А ему уже надоела проповедь, он взял нож и, шаркая им по тарелке, раздражает птиц. Комната оглашается пронзительными трелями канареек.
– Заорали! – удовлетворенно говорит Сашка, бросая нож, и, запустив пальцы в рыжие свои волосы, думает вслух:
– На Лизочке – не женишься, где там! Может,– так как-нибудь выйдет,влюбится она в меня? Я ее – без ума люблю!
– А Зина как же?
– Ну,– Зинка – простеха, а Лизочка – модница,– объясняет Сашка.
Он – сирота, подкидыш; семи лет он уже работал у скорняка, потом у водопроводчика, два года жил подручным на мельнице у монахов и уже второй год – наборщик. Работать в газете ему очень нравится. Грамоте он научился между делом, незаметно для себя, и грамота сильно тянет его к своим тайнам. Особенно любит он читать стихи и даже сам пишет,– иногда он приносит мне испачканные свинцом клочья бумаги, на ней вытянуты в правильные строчки каракули карандаша. Стихи всегда одного содержания и такой, приблизительно, формы:
Я полюбил тебя с первого разу,
Как только увидал на Черном озере,
И все теперь думаю про твою красу,
Радость моя и мое горе!
Когда я говорю ему, что это еще не стихи,– он удивляется:
– Отчего? Видишь – у, и здесь – у; здесь – е, и тут – е!
– А ты вспомни, как звучат стихи Лермонтова...
– Ну, так он долго учился, а я – только начал! Погоди, я тоже привыкну.
Его самонадеянность уморительная, но – в ней нет ничего неприятного. Просто он уверен, что жизнь влюблена в него, как прачка Степаха, он может делать всё, что хочет, и всюду его ждет успех.
Монастырский колокол неуверенно зовет к поздней обедне. Канарейки замолчали, прислушиваясь к звону, от которого дребезжат стекла в рамах.
Сашка бормочет:
– Идти к обедне али нет?
И решает:
– Идем!
Дорогой он жалобно возмущается:
– Скажи, пожалуйста, что за диво? Всегда в монастыре скучно мне, а ходить я туда все-таки люблю! Монахиньки эти, молоденькие,– жалко их!

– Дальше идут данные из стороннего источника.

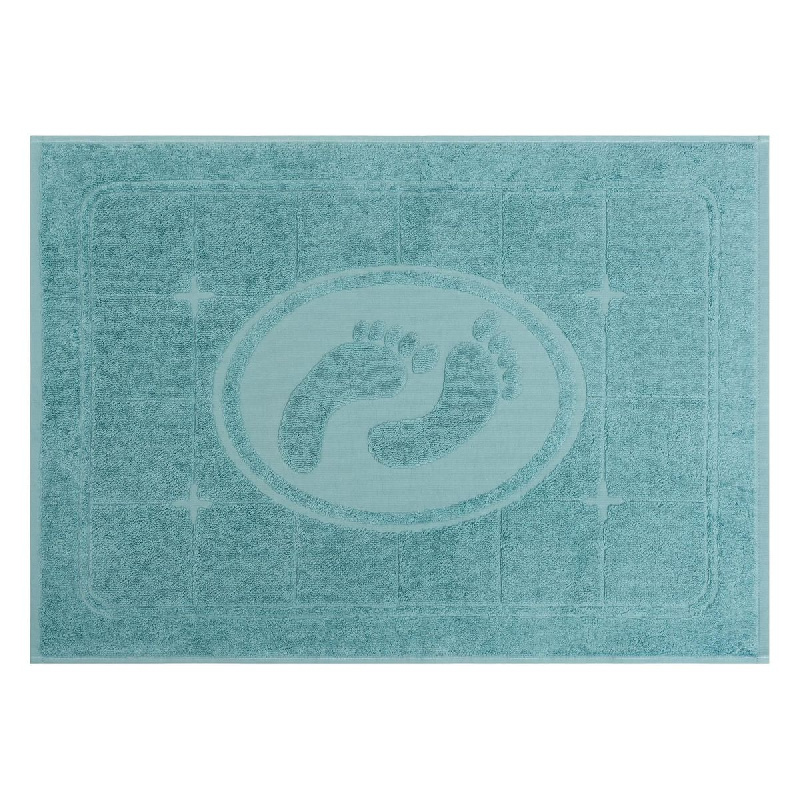 Полотно: махра. Размер: 50х70 Состав: 100% хлопок. Плотность 650 г/м². Дизайн: лаконичный коврик выполнен в стиле ретро с простыми линиями и утрированным рисунком. Одноцветное махровое полотно декорировано рельефной композицией в виде керамической плитки и отпечатков ног.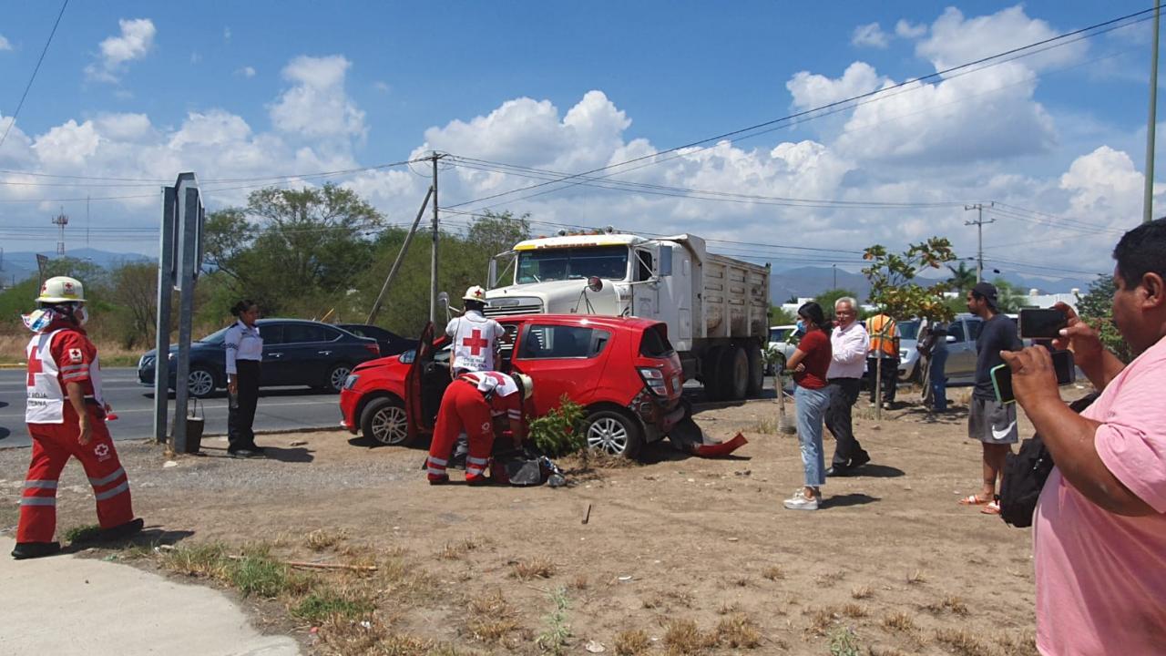 En el accidente ocasionado por una presunta falla mecánica en el sistema de frenos del camión de volteo, una mujer que viajaba en el automóvil resultó lesionada.

В храме он становится у притвора, где стоят нищие и разные мытари; его зеленоватые глаза широко, удивленно раскрыты и смотрят на клирос, где стоит толпа белолицых клирошанок в острых шлычках. Все они – прямые и точно вырублены из черного камня. Поют согласно, и что-то удивительно чистое звучит в серебряных голосах. Блестит золото иконостаса, стекла киотов отражают огоньки свеч, похожие на золотых мух.
Вздыхают мытари и шепчут свои скромные молитвы, поднимая выцветшие глаза в купол храма. Будни, народа немного, пришли только те, кому нечего делать, некуда девать себя.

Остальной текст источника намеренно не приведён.